PROBLEM REQUIREMENTS —
Would you give back exactly the lines from the line with "Stoneware vase with" through the end of the entries below, both included, but none of the pictures?

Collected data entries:
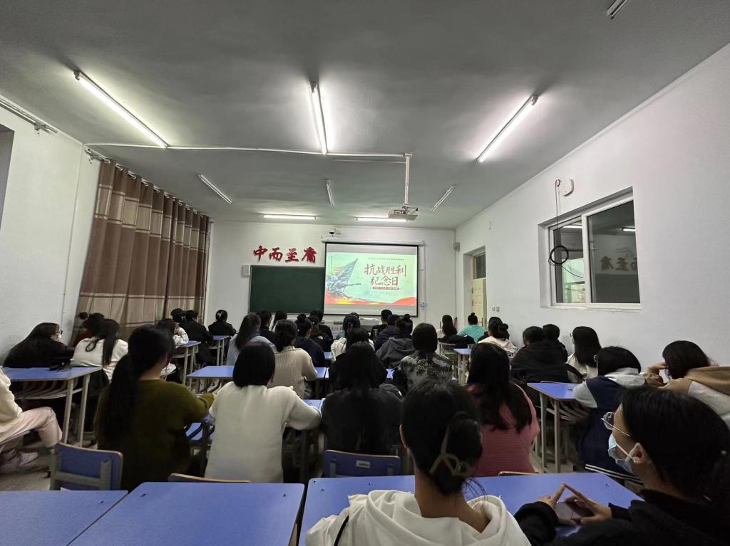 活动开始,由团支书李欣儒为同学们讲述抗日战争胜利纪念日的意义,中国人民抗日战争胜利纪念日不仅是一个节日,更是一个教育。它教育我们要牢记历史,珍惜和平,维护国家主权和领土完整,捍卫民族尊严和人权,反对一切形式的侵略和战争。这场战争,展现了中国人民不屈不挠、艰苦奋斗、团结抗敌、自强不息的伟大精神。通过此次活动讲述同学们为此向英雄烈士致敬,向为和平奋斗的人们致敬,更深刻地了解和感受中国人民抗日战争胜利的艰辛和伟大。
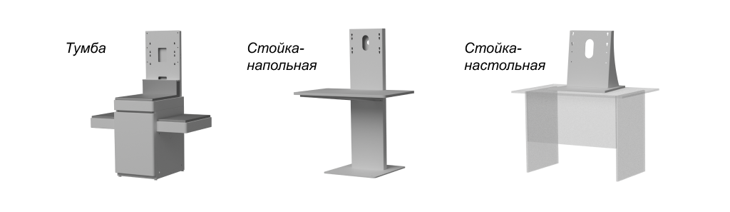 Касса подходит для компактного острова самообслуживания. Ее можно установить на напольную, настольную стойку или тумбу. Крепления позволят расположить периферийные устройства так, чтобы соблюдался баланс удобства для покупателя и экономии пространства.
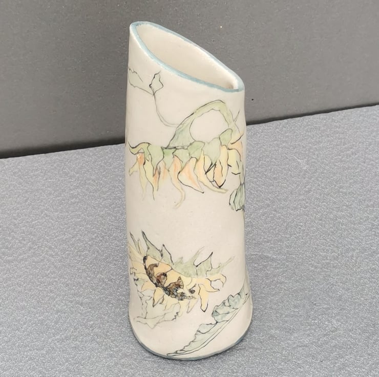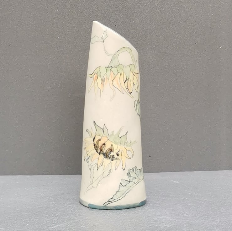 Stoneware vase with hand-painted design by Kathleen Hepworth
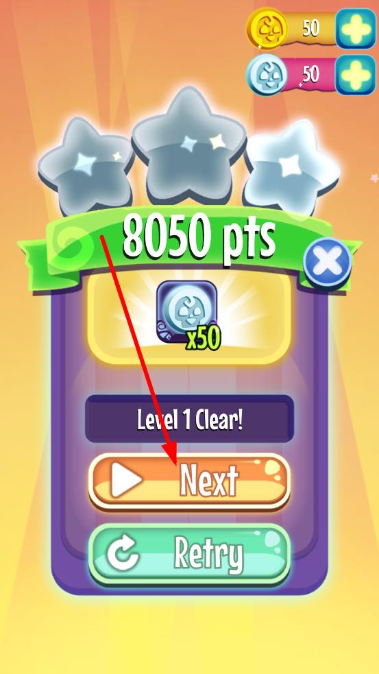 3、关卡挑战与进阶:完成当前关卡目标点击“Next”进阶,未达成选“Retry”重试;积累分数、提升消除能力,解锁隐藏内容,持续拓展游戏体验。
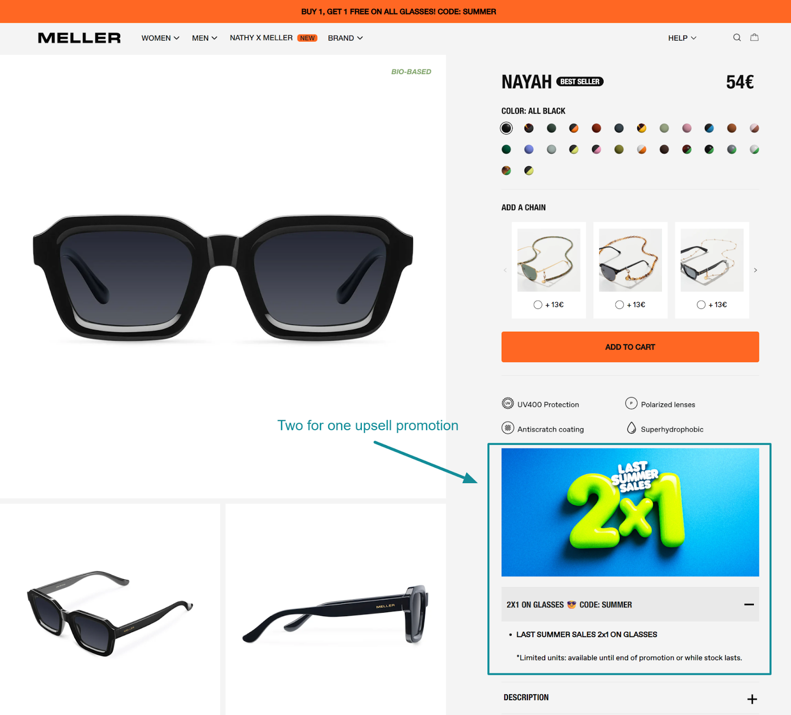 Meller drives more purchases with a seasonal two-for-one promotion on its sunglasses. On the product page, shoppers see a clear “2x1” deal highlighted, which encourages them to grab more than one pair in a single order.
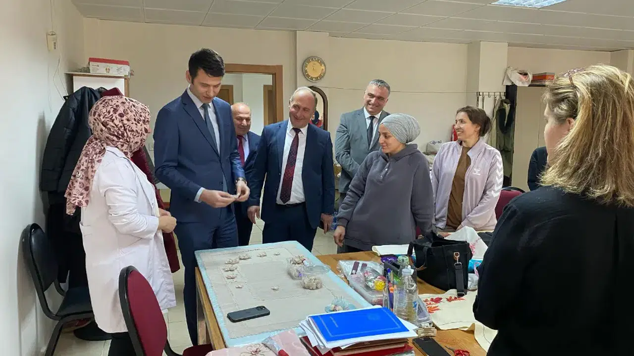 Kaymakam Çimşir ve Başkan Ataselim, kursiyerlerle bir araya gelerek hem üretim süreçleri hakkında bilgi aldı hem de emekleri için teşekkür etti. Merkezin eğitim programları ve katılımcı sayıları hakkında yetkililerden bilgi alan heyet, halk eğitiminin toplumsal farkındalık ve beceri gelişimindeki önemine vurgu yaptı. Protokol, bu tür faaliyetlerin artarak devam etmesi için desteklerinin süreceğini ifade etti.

RESULT BELOW —
 Stoneware vase with hand-painted design by Kathleen Hepworth
 3、关卡挑战与进阶:完成当前关卡目标点击“Next”进阶,未达成选“Retry”重试;积累分数、提升消除能力,解锁隐藏内容,持续拓展游戏体验。
 Meller drives more purchases with a seasonal two-for-one promotion on its sunglasses. On the product page, shoppers see a clear “2x1” deal highlighted, which encourages them to grab more than one pair in a single order.
 Kaymakam Çimşir ve Başkan Ataselim, kursiyerlerle bir araya gelerek hem üretim süreçleri hakkında bilgi aldı hem de emekleri için teşekkür etti. Merkezin eğitim programları ve katılımcı sayıları hakkında yetkililerden bilgi alan heyet, halk eğitiminin toplumsal farkındalık ve beceri gelişimindeki önemine vurgu yaptı. Protokol, bu tür faaliyetlerin artarak devam etmesi için desteklerinin süreceğini ifade etti.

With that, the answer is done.